[Opening Data segment section]

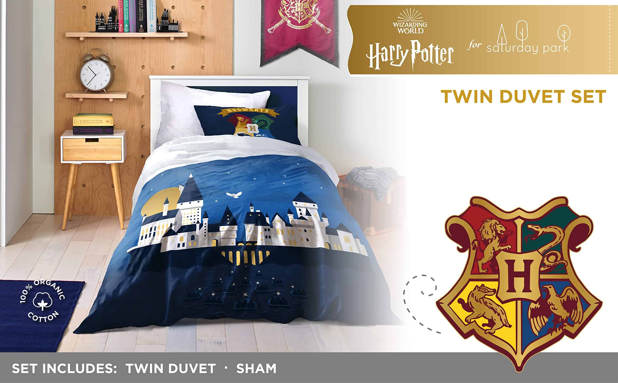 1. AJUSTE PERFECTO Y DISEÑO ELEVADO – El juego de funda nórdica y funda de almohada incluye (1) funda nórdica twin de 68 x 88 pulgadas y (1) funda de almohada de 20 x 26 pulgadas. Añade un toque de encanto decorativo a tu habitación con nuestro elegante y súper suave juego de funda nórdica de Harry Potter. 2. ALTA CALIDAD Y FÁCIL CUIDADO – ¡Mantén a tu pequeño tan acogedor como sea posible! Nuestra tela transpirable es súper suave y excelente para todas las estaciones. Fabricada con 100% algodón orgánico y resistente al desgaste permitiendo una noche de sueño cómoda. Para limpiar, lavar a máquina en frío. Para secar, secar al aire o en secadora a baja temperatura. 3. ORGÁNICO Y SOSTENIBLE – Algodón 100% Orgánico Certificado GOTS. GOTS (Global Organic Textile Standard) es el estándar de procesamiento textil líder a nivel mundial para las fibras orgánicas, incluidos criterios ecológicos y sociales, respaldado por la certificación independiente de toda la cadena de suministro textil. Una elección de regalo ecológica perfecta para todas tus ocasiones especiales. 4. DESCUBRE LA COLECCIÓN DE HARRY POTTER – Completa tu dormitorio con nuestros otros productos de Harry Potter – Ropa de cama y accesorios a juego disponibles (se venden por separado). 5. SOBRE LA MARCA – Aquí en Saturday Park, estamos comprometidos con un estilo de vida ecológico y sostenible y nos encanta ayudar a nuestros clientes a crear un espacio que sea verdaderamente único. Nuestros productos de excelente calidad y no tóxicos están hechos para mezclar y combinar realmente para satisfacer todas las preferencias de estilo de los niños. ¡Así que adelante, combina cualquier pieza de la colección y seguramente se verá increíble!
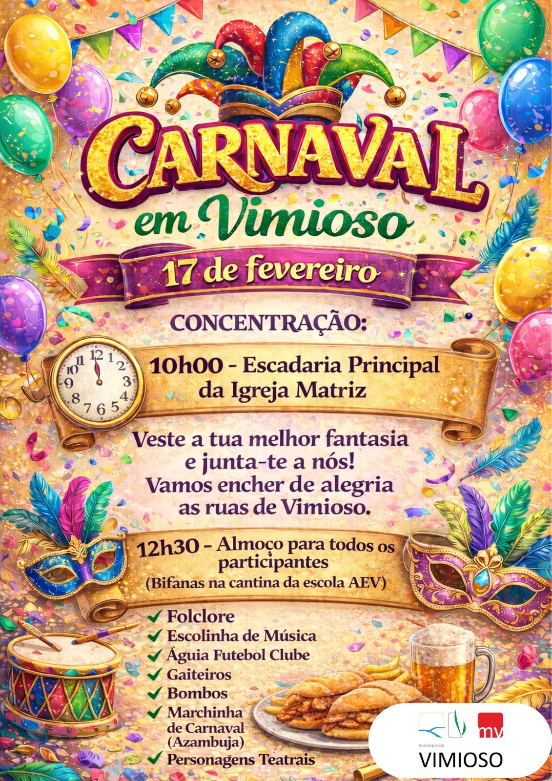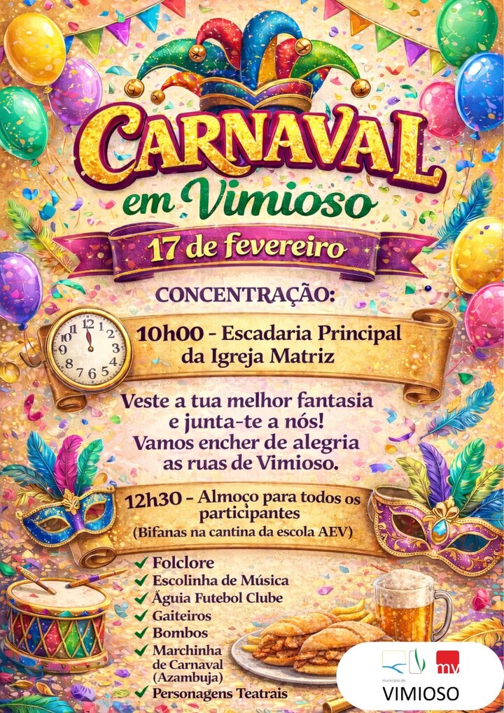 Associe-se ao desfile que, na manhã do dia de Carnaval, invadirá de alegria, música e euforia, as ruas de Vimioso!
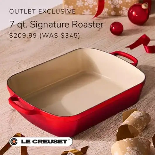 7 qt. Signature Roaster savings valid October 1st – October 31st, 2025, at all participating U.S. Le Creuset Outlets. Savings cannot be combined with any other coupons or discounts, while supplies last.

[Closing Data segment section]

## [Problem details]
Repeat, with no pictures, each line from the beginning of the data through the line containing "Associe-se ao desfile", inclusive.

## [Response box]
 1. AJUSTE PERFECTO Y DISEÑO ELEVADO – El juego de funda nórdica y funda de almohada incluye (1) funda nórdica twin de 68 x 88 pulgadas y (1) funda de almohada de 20 x 26 pulgadas. Añade un toque de encanto decorativo a tu habitación con nuestro elegante y súper suave juego de funda nórdica de Harry Potter. 2. ALTA CALIDAD Y FÁCIL CUIDADO – ¡Mantén a tu pequeño tan acogedor como sea posible! Nuestra tela transpirable es súper suave y excelente para todas las estaciones. Fabricada con 100% algodón orgánico y resistente al desgaste permitiendo una noche de sueño cómoda. Para limpiar, lavar a máquina en frío. Para secar, secar al aire o en secadora a baja temperatura. 3. ORGÁNICO Y SOSTENIBLE – Algodón 100% Orgánico Certificado GOTS. GOTS (Global Organic Textile Standard) es el estándar de procesamiento textil líder a nivel mundial para las fibras orgánicas, incluidos criterios ecológicos y sociales, respaldado por la certificación independiente de toda la cadena de suministro textil. Una elección de regalo ecológica perfecta para todas tus ocasiones especiales. 4. DESCUBRE LA COLECCIÓN DE HARRY POTTER – Completa tu dormitorio con nuestros otros productos de Harry Potter – Ropa de cama y accesorios a juego disponibles (se venden por separado). 5. SOBRE LA MARCA – Aquí en Saturday Park, estamos comprometidos con un estilo de vida ecológico y sostenible y nos encanta ayudar a nuestros clientes a crear un espacio que sea verdaderamente único. Nuestros productos de excelente calidad y no tóxicos están hechos para mezclar y combinar realmente para satisfacer todas las preferencias de estilo de los niños. ¡Así que adelante, combina cualquier pieza de la colección y seguramente se verá increíble!
 Associe-se ao desfile que, na manhã do dia de Carnaval, invadirá de alegria, música e euforia, as ruas de Vimioso!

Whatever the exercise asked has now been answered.